> _Dataset extract_
——

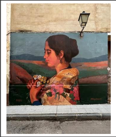
(Medina de las Torres, Badajoz, 1999)

Graduado en Bellas Artes por la Universidad Politécnica de Valencia y Máster en Producción Artística. Artista multidisciplinar, desarrolla su trabajo en función del proyecto y su contexto, siendo la pintura el grueso de su práctica artística. Sus intereses recaen en la memoria del territorio, la cultura local y los recuerdos de la infancia, enfocados a través del imaginario tradicional y de la experiencia personal.
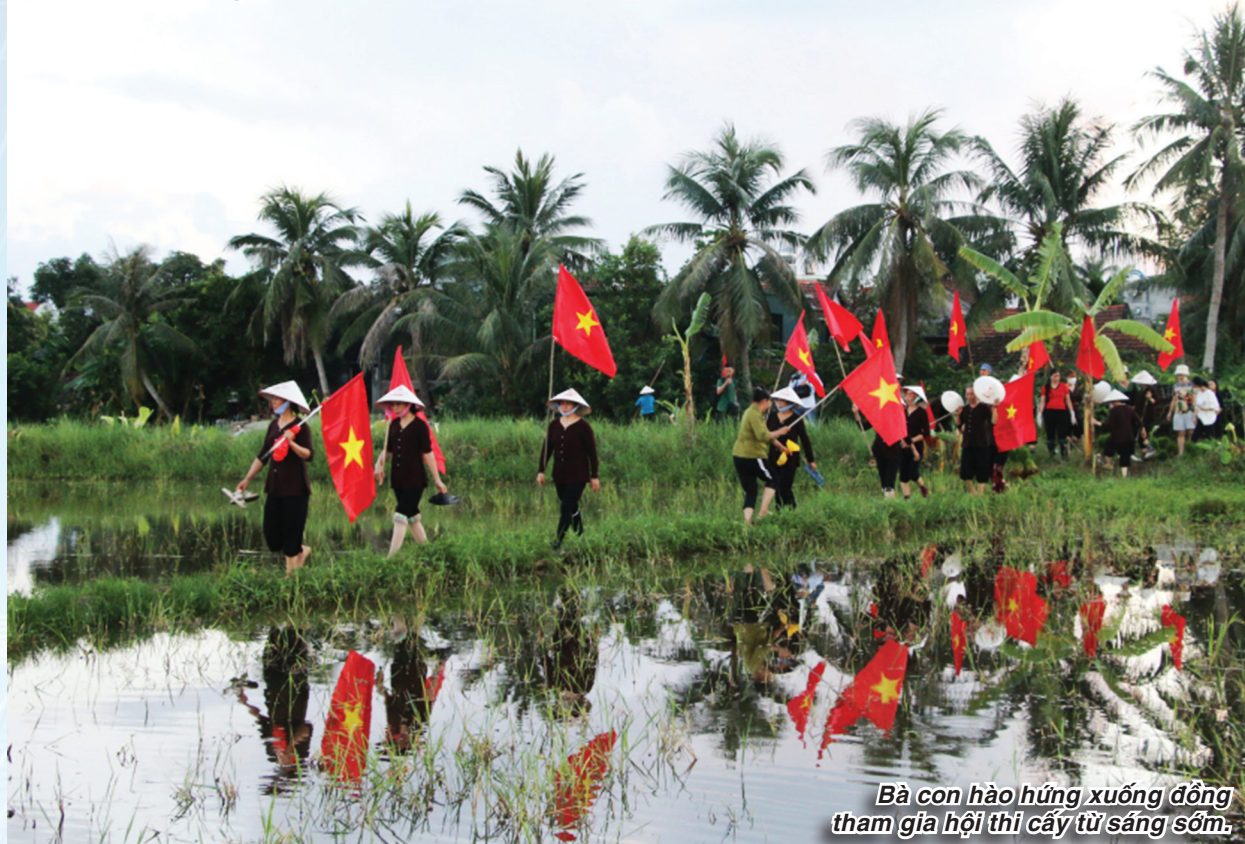
Bà con hào hứng xuống đồng tham gia hội thi cấy từ sáng sớm.

——

> _Exercise brief_
Word for word, restate each line above, minus its pictures.

> _Solution to this exercise_
(Medina de las Torres, Badajoz, 1999)

Graduado en Bellas Artes por la Universidad Politécnica de Valencia y Máster en Producción Artística. Artista multidisciplinar, desarrolla su trabajo en función del proyecto y su contexto, siendo la pintura el grueso de su práctica artística. Sus intereses recaen en la memoria del territorio, la cultura local y los recuerdos de la infancia, enfocados a través del imaginario tradicional y de la experiencia personal.
Bà con hào hứng xuống đồng tham gia hội thi cấy từ sáng sớm.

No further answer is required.